Here's a record in the first file:
Code:
----+----1----+----2----+----3----+----4----+----5----+----6----+
0005583460001455123 BUSINESS
and here's the second file:
Code:
Command ===>
----+----1----+----2----+----3----+----4----+----5----
4113008124495000005583460001455123 NCH BUSINESS
Now I was expecting the records shown to disappear since the keys match. But this is what I ended up with:
Code:
Command ===>
----+----1----+----2----+----3----+----4----+----5---
4113008124495000005583460001455123 NCH BUSINESS
Only one of the two records with the key dropped, instead of both. Below is what I submitted, any ideas on what seems to have gone wrong here?
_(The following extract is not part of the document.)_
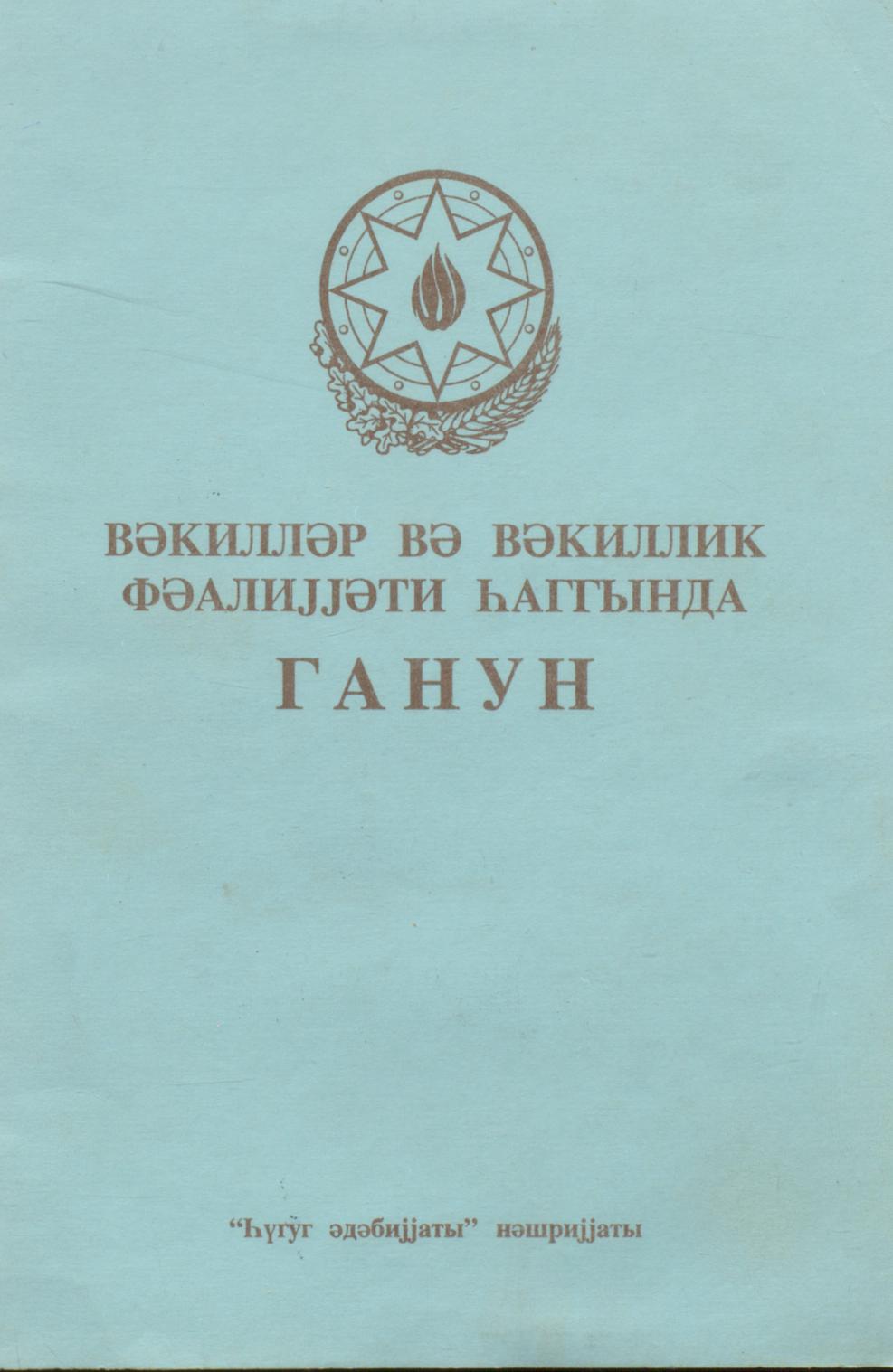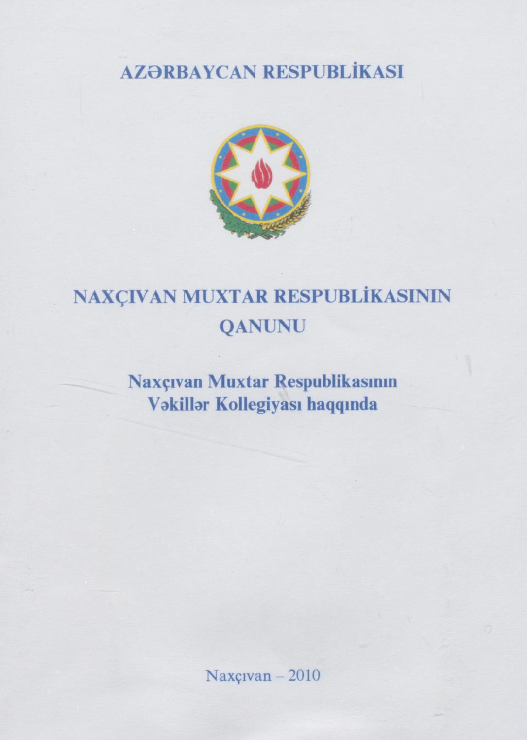 Kitaba Naxçıvan Muxtar Respublikasının Vəkillər Kollegiyası haqqında Qanunun maddələri daxil edilm…

There are about 8,000,000 records per file, could this be related to not giving enough sort space?
Code:
********************************* TOP OF DATA **********************************
ICE143I 0 BLOCKSET SORT TECHNIQUE SELECTED
ICE250I 0 VISIT http://www.ibm.com/storage/dfsort FOR DFSORT PAPERS, EXAMPLES AN
ICE000I 1 - CONTROL STATEMENTS FOR 5694-A01, Z/OS DFSORT V1R5 - 15:39 ON TUE JUL
SORT FIELDS=(16,19,CH,A,44,10,CH,A)
SUM FIELDS=NONE
ICE201I E RECORD TYPE IS F - DATA STARTS IN POSITION 1
ICE751I 0 C5-K21008 C6-K90007 C7-K90000 C8-K90007 E9-K90007 C9-BASE E5-K21514
ICE193I 0 ICEAM1 ENVIRONMENT IN EFFECT - ICEAM1 INSTALLATION MODULE SELECTED
ICE088I 1 RJMSORTI.SORT01 . , INPUT LRECL = 63, BLKSIZE = 27972, TYPE =
ICE093I 0 MAIN STORAGE = (MAX,12420848,12420848)
ICE156I 0 MAIN STORAGE ABOVE 16MB = (12290872,12290872)
ICE127I 0 OPTIONS: OVFLO=RC0 ,PAD=RC0 ,TRUNC=RC0 ,SPANINC=RC16,VLSCMP=N,SZERO=Y,
ICE128I 0 OPTIONS: SIZE=12420848,MAXLIM=1048576,MINLIM=450560,EQUALS=Y,LIST=Y,ER
ICE129I 0 OPTIONS: VIO=Y,RESDNT=ALL ,SMF=FULL ,WRKSEC=Y,OUTSEC=Y,VERIFY=N,CHALT=
ICE130I 0 OPTIONS: RESALL=4096,RESINV=0,SVC=109 ,CHECK=Y,WRKREL=Y,OUTREL=Y,CKPT=
ICE131I 0 OPTIONS: TMAXLIM=6291456,ARESALL=0,ARESINV=0,OVERRGN=65536,CINV=Y,CFW=
ICE132I 0 OPTIONS: VLSHRT=N,ZDPRINT=Y,IEXIT=Y,TEXIT=N,LISTX=N,EFS=NONE ,EXITC
ICE133I 0 OPTIONS: HIPRMAX=3901 ,DSPSIZE=MAX ,ODMAXBF=0,SOLRF=N,VLLONG=N,VSAMI
ICE235I 0 OPTIONS: NULLOUT=RC0
ICE084I 0 EXCP ACCESS METHOD USED FOR SORTOUT
ICE084I 0 EXCP ACCESS METHOD USED FOR SORTIN
ICE750I 0 DC 985341672 TC 0 CS DSVUU KSZ 33 VSZ 33
ICE752I 0 FSZ=15640344 RC IGN=0 E AVG=68 0 WSP=1381360 C DYN=0 0
ICE751I 1 DE-K10929 D5-K05352 D3-K10929 D7-Q91626 E8-K21008
ICE090I 0 OUTPUT LRECL = 63, BLKSIZE = 27972, TYPE = FB
ICE055I 0 INSERT 0, DELETE 7796071
ICE054I 0 RECORDS - IN: 15639609, OUT: 7843538
ICE134I 0 NUMBER OF BYTES SORTED: 985295367
ICE165I 0 TOTAL WORK DATA SET TRACKS ALLOCATED: 9000 , TRACKS USED: 0
ICE199I 0 MEMORY OBJECT STORAGE USED = 0M BYTES
ICE180I 0 HIPERSPACE STORAGE USED = 1047572K BYTES
ICE188I 0 DATA SPACE STORAGE USED = 0K BYTES
ICE052I 0 END OF DFSORT
******************************** BOTTOM OF DATA ************************
If you're not familiar with DFSORT and DFSORT's ICETOOL, I'd suggest reading through "z/OS DFSORT: Getting Started". It's an excellent tutorial, with lots of examples, that will show you how to use DFSORT, DFSORT's ICETOOL and DFSORT Symbols. You can access it online, along with all of the other DFSORT books, from:
Frank - I win the dummy award, nine times out of ten I remember that sum fields = none means collapse down to one record per key. This time I got it into my head that it meant eliminate all records with a multiple occur of a key. Oops.
What I'd ideally like is:
- keep only records where a key occurs more than once (or a specified number of times)
- in a pinch I could also work with keep one and only one record for each key that occurs more than once (I already know how to do this another way).
To do the first could I mod your example to use 'DUPS' instead of 'NODUPS'? I'll start also looking at the manuals you suggest.